In a Gallup Poll of the public’s view of various business sectors, pharma was ranked at the bottom, behind the oil industry, advertising and public relations, and lawyers.

Pharma: the lifeline industry

Who’d have guessed that a year later pharma would be getting credit for saving the world? From cruise lines to meatpackers, the business will have plenty to answer for in their handling of the pandemic, but this part of it worked.

The Covid-19 vaccines developed by the drug industry, in partnership with governments, will almost certainly prevent hundreds of thousands of American deaths and millions more around the world.

They will also revive trillions of dollars in economic activity.

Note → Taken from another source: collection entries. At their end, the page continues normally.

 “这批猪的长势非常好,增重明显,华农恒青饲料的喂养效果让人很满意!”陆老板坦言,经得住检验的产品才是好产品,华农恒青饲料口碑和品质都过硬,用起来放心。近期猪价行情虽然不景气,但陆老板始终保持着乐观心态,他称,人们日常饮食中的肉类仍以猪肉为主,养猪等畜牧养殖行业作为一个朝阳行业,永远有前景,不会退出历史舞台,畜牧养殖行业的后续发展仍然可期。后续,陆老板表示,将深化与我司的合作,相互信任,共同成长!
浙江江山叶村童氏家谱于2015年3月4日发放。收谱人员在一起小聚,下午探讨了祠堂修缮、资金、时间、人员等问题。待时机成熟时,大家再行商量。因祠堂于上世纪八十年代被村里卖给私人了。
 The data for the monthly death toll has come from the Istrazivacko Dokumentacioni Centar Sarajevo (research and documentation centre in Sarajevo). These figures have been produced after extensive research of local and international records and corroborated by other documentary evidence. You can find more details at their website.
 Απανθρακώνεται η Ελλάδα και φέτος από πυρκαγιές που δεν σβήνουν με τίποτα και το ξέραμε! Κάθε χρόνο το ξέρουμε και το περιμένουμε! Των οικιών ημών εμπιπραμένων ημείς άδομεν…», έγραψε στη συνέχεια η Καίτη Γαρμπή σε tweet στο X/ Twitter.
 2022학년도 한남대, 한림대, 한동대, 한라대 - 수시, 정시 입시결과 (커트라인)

In a time where almost everything else went wrong, the vaccine effort was something that went (mostly) right.

How it all started

The quest started in early January before most people in the U.S. and Europe were even thinking about a pandemic. The biotechnology company Moderna Inc. had downloaded the genetic code for the novel coronavirus from researchers in China. Within a few days, scientists there had developed a vaccine with the U.S. National Institute of Allergy and Infectious Diseases, the research agency led by Anthony Fauci. By mid-March, they’d started a clinical trial.

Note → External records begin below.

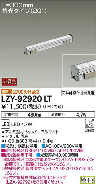 ¢£¸÷¸»¼÷Ì¿40¡¤000»þ´Ö¡¢¢¨ÅŸ»Àܳ»þ¤Ë¤Ïɬ¤ºÅŸ»¥±¡¼¥Ö¥ë¡ÊLZA-92925¡Ë¤¬É¬ÍפǤ¹¡£1²óÏ©¤Ë1Âæ¤ªµá¤á¤¯¤À¤µ¤¤¡£¡¢¢¨ÊɽÄĹÉÕ»þ¡§¼èÉÕÍÑ¥µ¥É¥ë¡ÊLZA-92793¡Ë¤ò¤´»ÈÍѤ¯¤À¤µ¤¤¡£¡¢¢¨Å·°æÉÕÊɲ£Ä¹ÉÕ»þ¡§¼èÉÕÍÑ¥¹¥È¥é¥Ã¥×¡ÊLZA-92792¡Ë¤ò¤´»ÈÍѤ¯¤À¤µ¤¤¡£¡¢Äê³Ê¸÷« 480lm¡¡¾ÃÈñÅÅÎÏ 4.7W¡¢Ra83
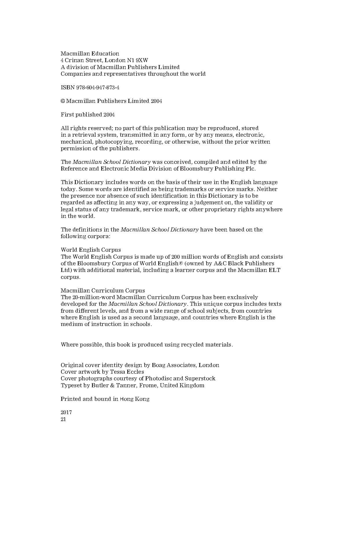 Macmillan School Dictionary is a copyrighted dictionary, developed cooperatively by the prestigious Macmillan Publishers and Dai Truong Phat JSC, Ho Chi Minh University of Pedagogy Publishing House, and many top-class language specialists of Vietnam over the years.
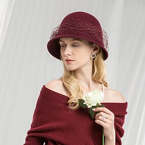 Sombreros 100% lana, sombrero bombín/cloche, sombrero fedora, boda, fiesta de té, elegante retro con tocado de tul.
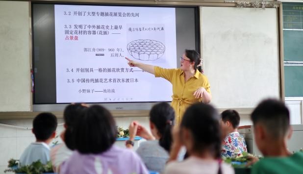 王媛媛老师在课堂上给学生们详细生动的介绍了中国花卉育种栽培历史发展五个时期,“周秦萌芽期,秦汉发展期,汉晋南北朝唐宋渐盛期,元明清起伏期,新中国快速发展期”,在一问一答之间,学生从历史、诗词、绘画中了解了中国传统插花的起源与发展。

Never seen an emergency like this in 100 years

Pfizer Inc. announced its own plans around the same time. A year and a half before, it had signed a deal with a German biotech company, BioNTech SE, that has similar messenger RNA technology to Moderna’s that could, in theory, rapidly assemble and test new vaccines.

Like Moderna, the companies thought the technology could make it possible to quickly turn around a prototype vaccine. “The world hasn’t seen an emergency like this in 100 years,” says Steven Joffe, the interim chairman of the department of medical ethics and health policy at the Perelman School of Medicine at the University of Pennsylvania. “We are lucky in the sense that science was there.”

Operation warp speed program

Those efforts would eventually be folded into what’s now known as the Trump administration’s Operation Warp Speed program.

Warp Speed was revealed at the end of April when the pandemic had killed close to 60,000 Americans. The goal was to develop and produce enough shots to inoculate 300 million Americans before the new year.

Some companies, including Moderna and J&J, would get direct funding for their efforts. Pfizer got an agreement from the government to buy the vaccine it produced if it worked.

Vaccines are a tricky bet

Crucially, the government was shouldering some risk, financing the advance production of the experimental vaccines while clinical trials were still going on.

“The most risk-averse people on Earth in the riskiest business on Earth” is how the U.S. Health and Human Services Secretary Alex Azar describes the drug industry.

“Probably the most common words said in a pharma company are, ‘How do you de-risk this?’ ” Azar, whose department helped oversee Warp Speed, says he understood how tricky a bet on vaccines can be for a business.

“These companies are looking at making the multibillion-dollar investments in R&D and manufacturing capacity,” he says.

“And they had just been through Zika, SARS, they’ve been through MERS”—viruses for which the pharmaceutical industry investigated vaccines that never saw the outside of a clinical trial before those outbreaks dissipated or were squashed.

Small players

The government’s backing let smaller players get in the game and take some riskier technologies forward.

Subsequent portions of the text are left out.